### Raw data ###

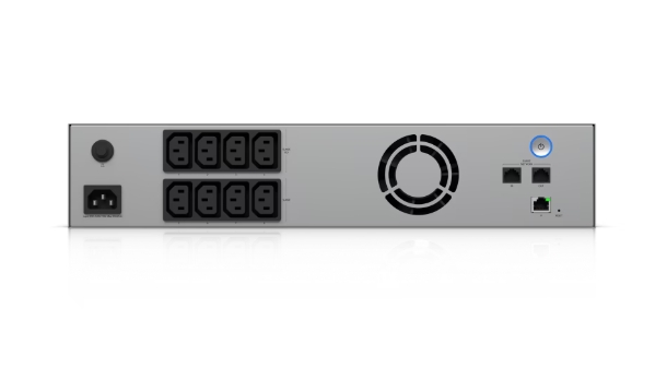 UniFi managed 1.5kVA rackmount uninterruptible power supply with 8 outlets and field replaceable battery, 216Wh, half load (500W) runtime of 8 minutes, UniFi Alarm Manager ready and NUT support for 3rd party devices.
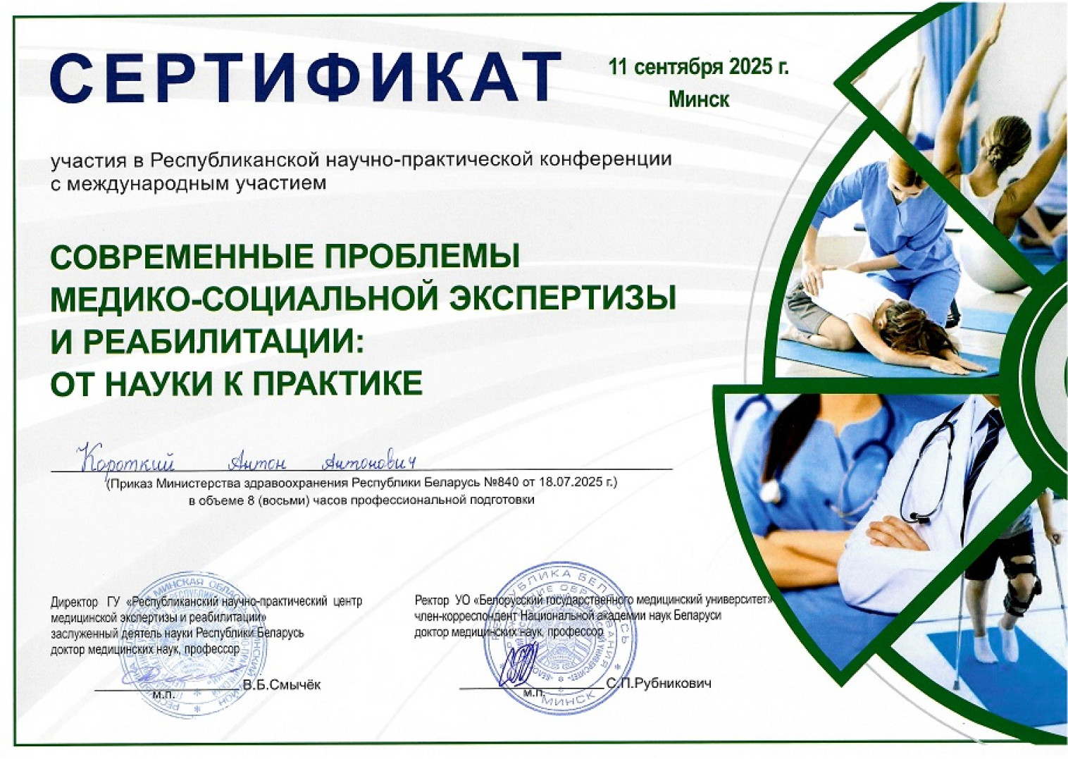 2024 г. — Республиканская научно-практическая конференция с международным участием «Вопросы медицинской экспертизы и реабилитации» (докладчик)
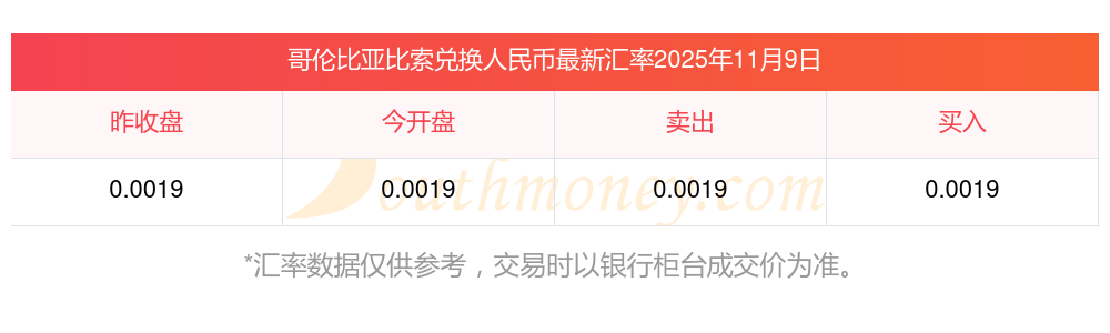 最新2025年11月9日哥倫比亞比索兌換人民幣匯率是:0.0019
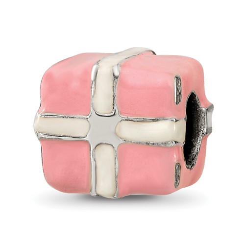 Enameled pink and white present bead is made of solid sterling silver. This bead fits all major modular bracelet brands. Imported.
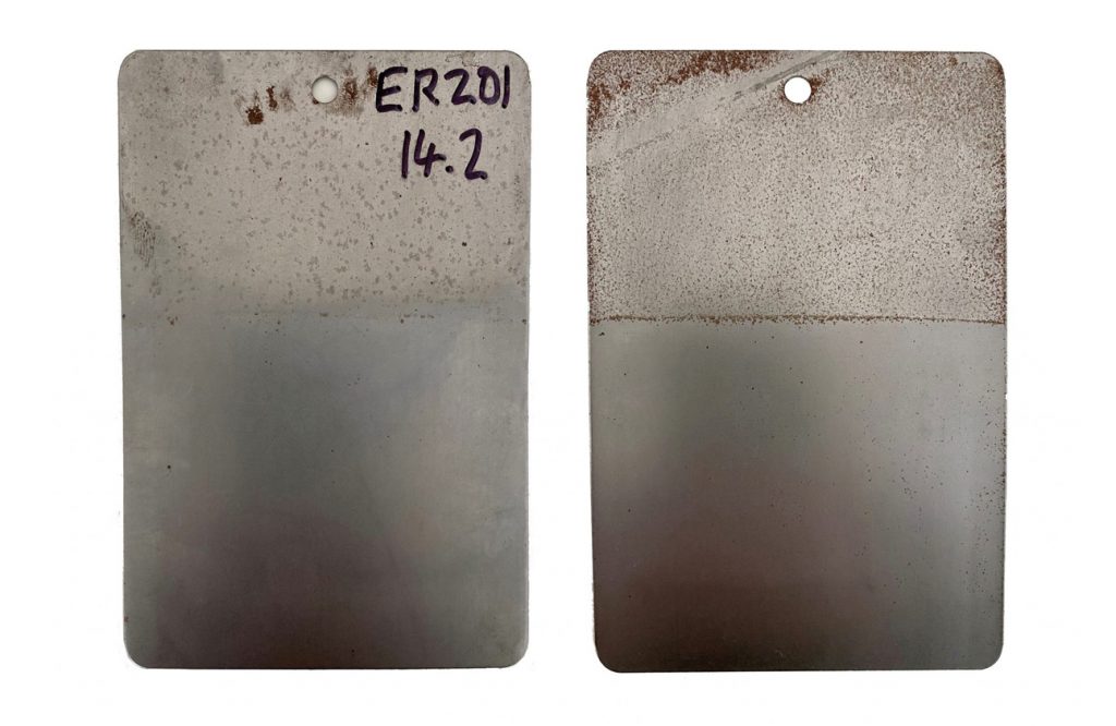 - Test coupons were used to compare the corrosion properties of CNC Speedwell’s previous solution and EnviroRinse™ 201.
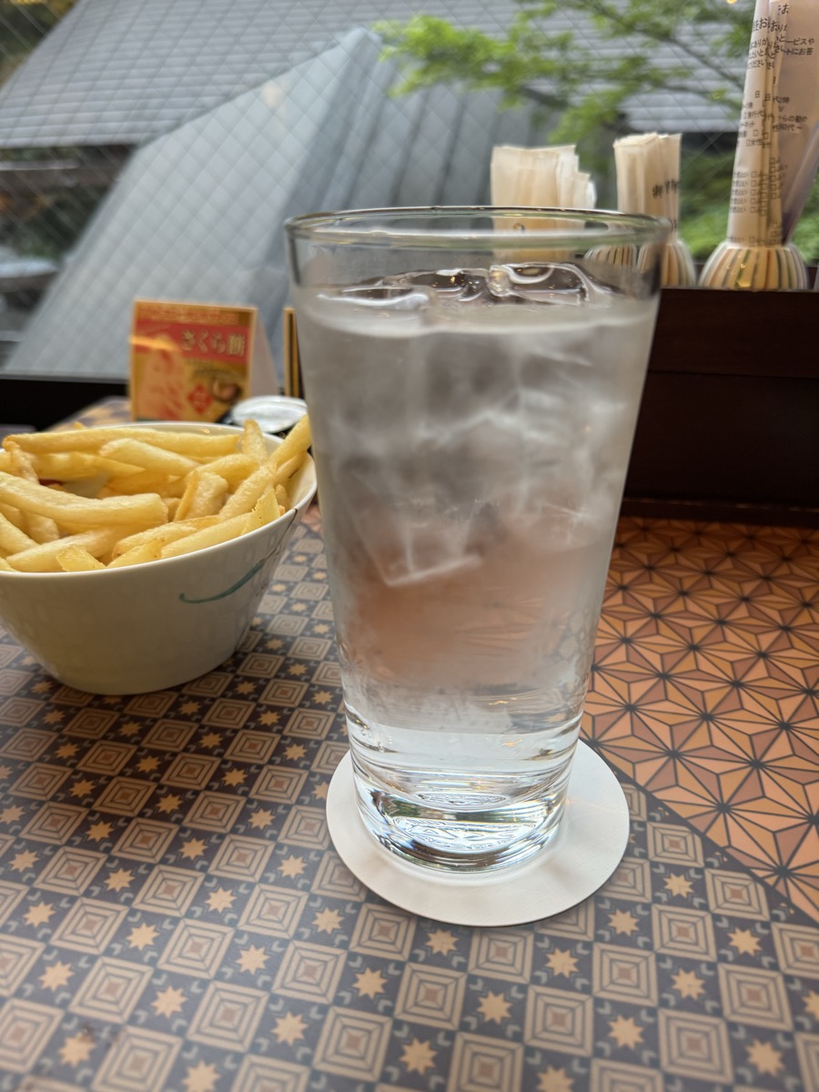 箱根湯本温泉天成園憩い処でオリジナル焼酎「玉簾の滝」芋の水割り580円( ^ ^ )/□
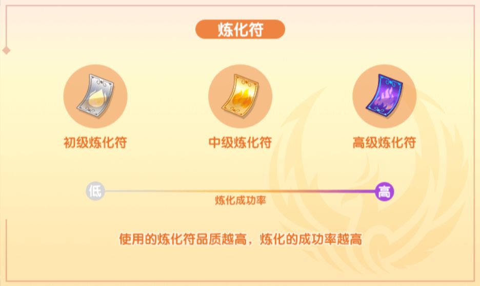 炼化当然少不了炼化符,等级越高的炼化符效果越好~,馆长可一步步炼化至最高等级!
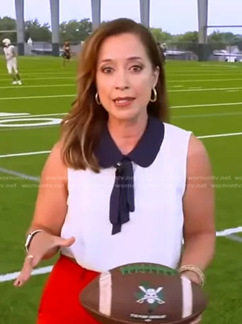 on Good Morning America on ABC was spotted wearing this white contrast collar tie neck top on Good Morning America on Aug 21 2023's episode. 's Top is the Sleeveless Collared Blouse by Cece.
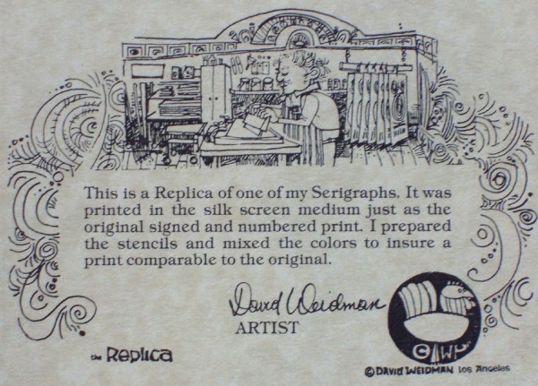 I’d been talking to David Weidman’s lovely daughter Lenna recently about purchasing
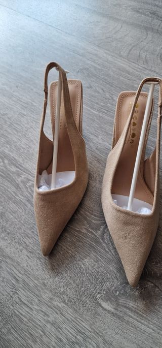 ZAPATOS DE TACON SIN ESTRENAR TALLA 36 ESTILO MODERNO MATERIAL EXTERIOR TIPO ANTE PUNTA FINA CORREA TRASERA TIPO SLINGBACK MUY BONITOS GRAN PRECIO EN TIENDA COSTARON 65 EUROS PERFECTOS PARA REGALAR
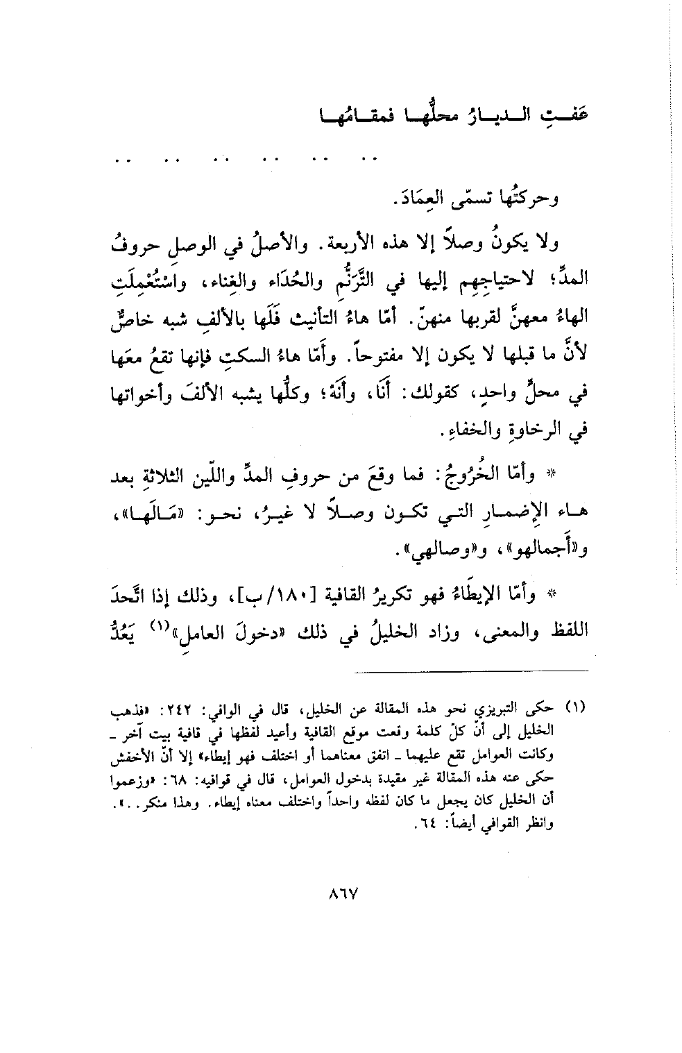 *وأما الإيطاء فهو تكرير القافية [180/ ب]، وذلك إذا تحد اللفظ والكعنى، وزاد الخليل في ذلك (دخول العامل) يعد

###

◆ What you will do
Nothing but the lines from the line containing "ZAPATOS DE TACON" through the last line of the records above should be written out, exactly and without the pictures.

◆ Finished task
 ZAPATOS DE TACON SIN ESTRENAR TALLA 36 ESTILO MODERNO MATERIAL EXTERIOR TIPO ANTE PUNTA FINA CORREA TRASERA TIPO SLINGBACK MUY BONITOS GRAN PRECIO EN TIENDA COSTARON 65 EUROS PERFECTOS PARA REGALAR
 *وأما الإيطاء فهو تكرير القافية [180/ ب]، وذلك إذا تحد اللفظ والكعنى، وزاد الخليل في ذلك (دخول العامل) يعد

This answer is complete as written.